🤖 AI Summary
This study addresses the lack of effective evaluation of metacognitive capabilities—such as self-monitoring and belief revision—in current AI systems, particularly when models exhibit genuine disagreement. The authors introduce MEDLEY-BENCH, a benchmark comprising 130 ambiguous instances across five domains, which uniquely disentangles assessment (judgment accuracy) from control (behavioral regulation) dimensions. They evaluate 35 models on independent reasoning, self-correction, and socially influenced belief updating, employing complementary metrics: MMS (hierarchically aggregated scoring) and MAS (metacognitive sub-competency decomposition), alongside relative ability profiling.
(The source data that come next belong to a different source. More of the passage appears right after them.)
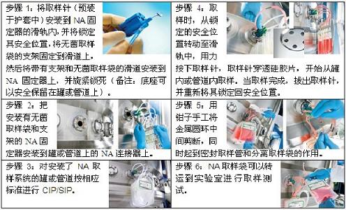 無菌取樣袋的取樣針是密封在頂針導管內,并與取樣袋連通,頂針導管前端為一硅膠片,出廠時經Υ射線滅菌處理,此設計同時能使取樣針保持無菌狀態。使用時,通過NA固定器和連接器將其固定在罐子或管道上,僅頂針導管前端的硅膠片能與制品接觸,在對罐子或管道進行CIP、SIP的同時,硅膠片的表面同樣進行了清洗和滅菌。產品除菌過濾到罐子內需要取樣時,將取樣針的扳機從安全位置取出,用力按下取樣針的扳機,取樣針穿透硅膠片,開始從罐或管道內取樣。當取樣完成后,拔出取樣針,硅膠片因彈力作用,自行恢復形狀進行密封。再用專用鉗將金屬圓環壓扁并從中間剪斷,對罐子進行第二道密封和分離無菌取樣袋入口管。
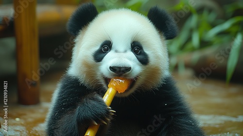 Fototapeta premium Adorable panda cub enjoying a sweet orange popsicle.
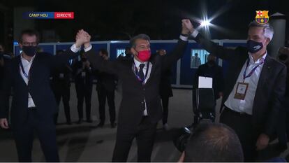 Joan Laporta será el 42 presidente de la historia del FC Barcelona al imponerse con 30.184 votos, el 54,28% del total, el 100% del voto escrutado. Cerrado el escrutinio pasadas las once de la noche, la jornada confirmó una victoria que parecía cantada desde hacía días. El abogado, de 58 años, se impuso este domingo a los otros dos candidatos: Víctor Font (16.679, el 29.99%) y Toni Freixa (4.769, el 8,58%), que le felicitaban con abrazos antes incluso de que se completara el escrutinio. Laporta, que ya presidió la entidad entre 2003 y 2010, regresa al club once años después para afrontar un segundo mandato en un momento en que el club vive una profunda crisis institucional y económica. Especialmente, desde que el pasado mes de octubre el hasta entonces presidente Josep Maria Bartomeu, –hoy investigado por un posible delito de administración desleal y corrupción entre particulares– dejara el cargo después de negarse a convocar el voto de censura por razones sanitarias. Carles Tusquets presidió desde entonces una comisión gestora que ha gobernado el club en los últimos meses.
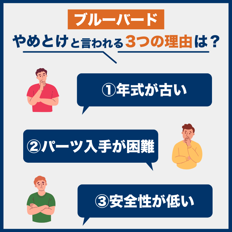 ここでは、ブルーバードを「やめとけ」と言われる主な理由を3つに絞って詳しく解説します。
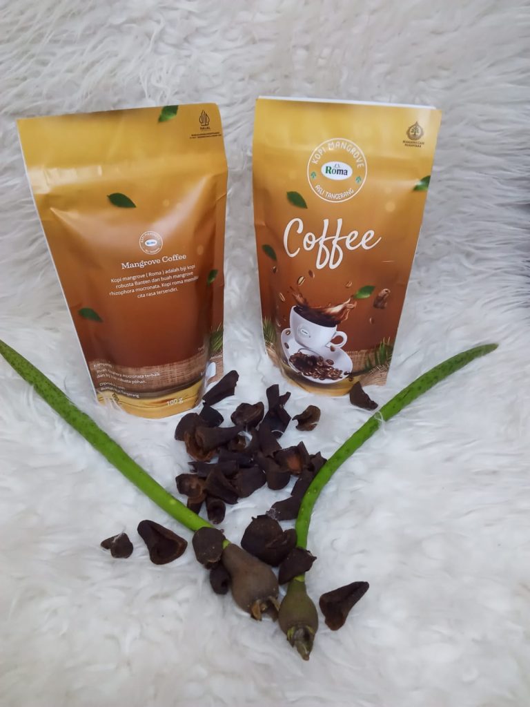 Kopi Mangrove (Roma); adalah biji kopi robusta Banten dan buah mangrove, memiliki rasa kopi cita rasa tersendiri. Dapatkan citarasa otentik dan kaya dengan menyeduh Kopi Mangrove.
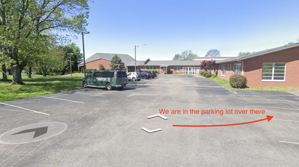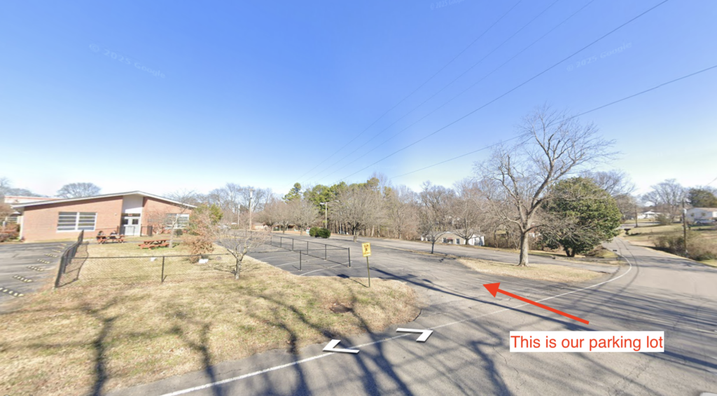 Go to the back of the 2nd parking lot. You can park in one of the angled parking spaces. Ring the electronic doorbell on the door to the gymnasium building. You’ll see our Accessible Hope sign on the door.
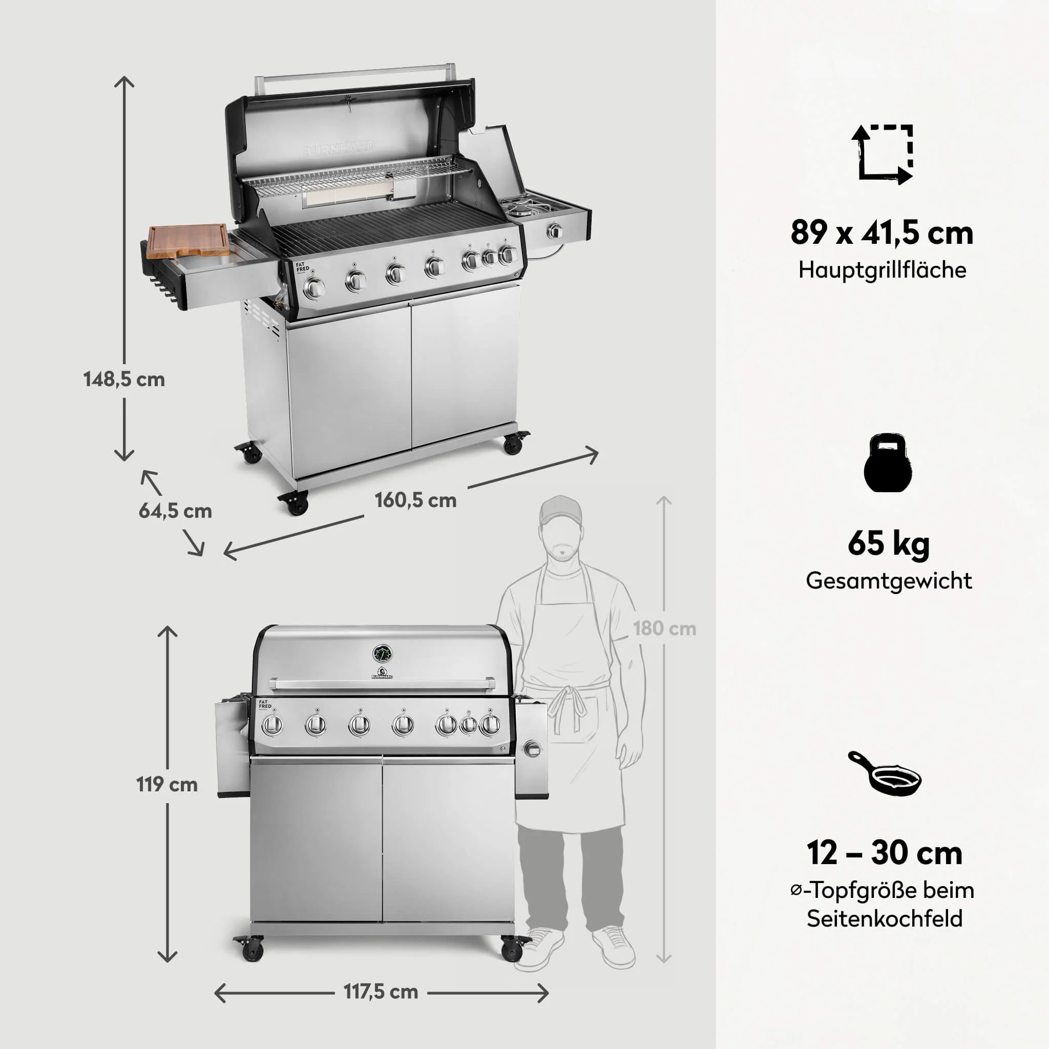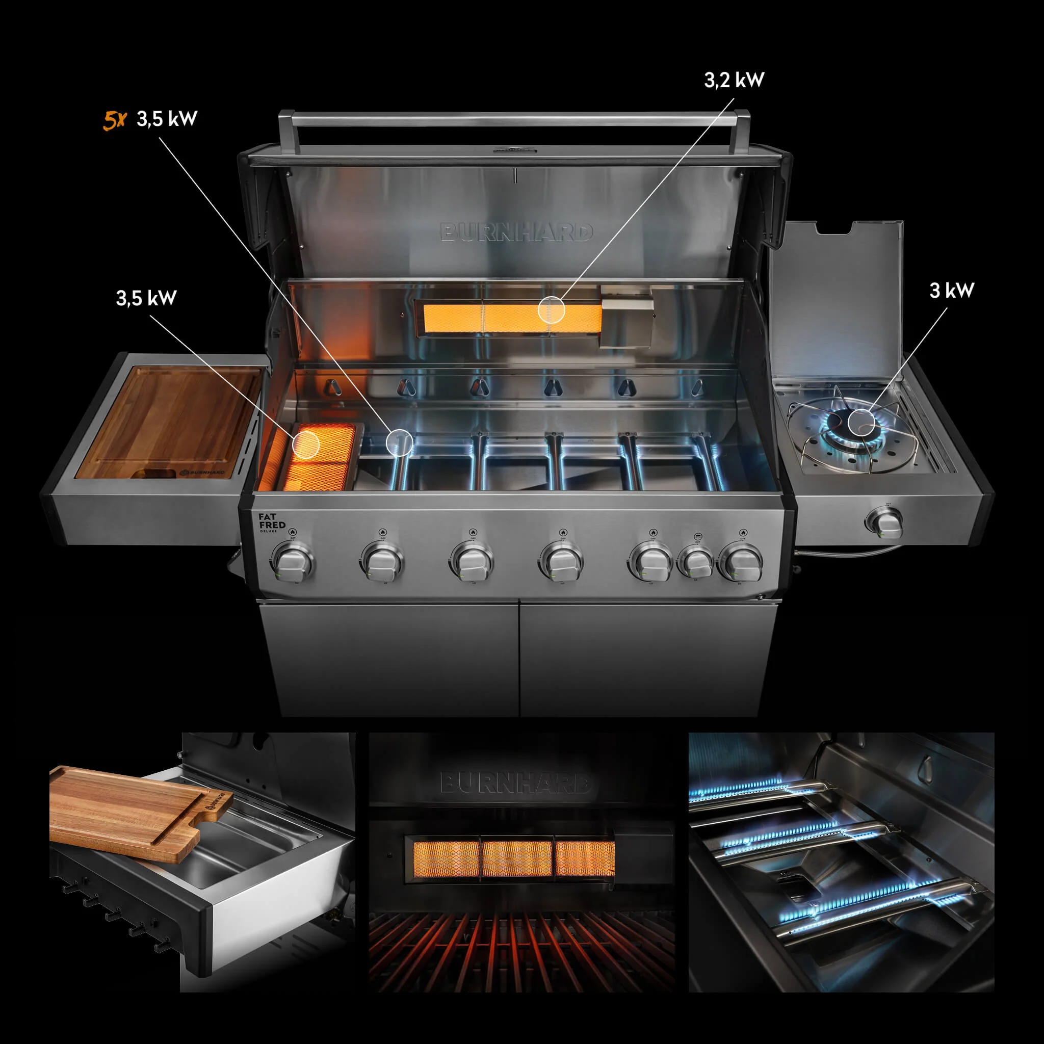 Produktinformationen "BURNHARD Fat FRED Deluxe Gasgrill 6 Brenner Series 4 Edelstahl Grill mit Gusseisen Grillrost Maximale BBQ Power 27,2 kW XXL Grillfläche"

Findings reveal that model scale enhances assessment but not control capabilities, manifesting a pervasive “knowing–doing gap.” Notably, smaller models outperform larger ones on certain metacognitive tasks, and two distinct belief-revision patterns are identified, demonstrating that metacognitive competence does not solely depend on model size.
📝 Abstract
Metacognition, the ability to monitor and regulate one's own reasoning, remains under-evaluated in AI benchmarking. We introduce MEDLEY-BENCH, a benchmark of behavioural metacognition that separates independent reasoning, private self-revision, and socially influenced revision under genuine inter-model disagreement. The benchmark evaluates 35 models from 12 families on 130 ambiguous instances across five domains and reports two complementary scores: the Medley Metacognition Score (MMS), a tier-based aggregate of reflective updating, social robustness, and epistemic articulation, and the Medley Ability Score (MAS), derived from four metacognitive sub-abilities. Results show a robust evaluation/control dissociation: evaluation ability increases with model size within families, whereas control does not. In a follow-up progressive adversarial analysis of 11 models, we observed two behavioural profiles, i.e., models that revise primarily in response to argument quality and models that track consensus statistics. Under within-model relative profiling (ipsative scoring), evaluation was the weakest relative ability in all 35 models, indicating a systematic knowing/doing gap. Smaller and cheaper models often matched or outperformed larger counterparts, suggesting that metacognitive competence is not simply a function of scale. These findings position MEDLEY-BENCH as a tool for measuring belief revision under social pressure and suggest that future training should reward calibrated, proportional updating rather than output quality alone.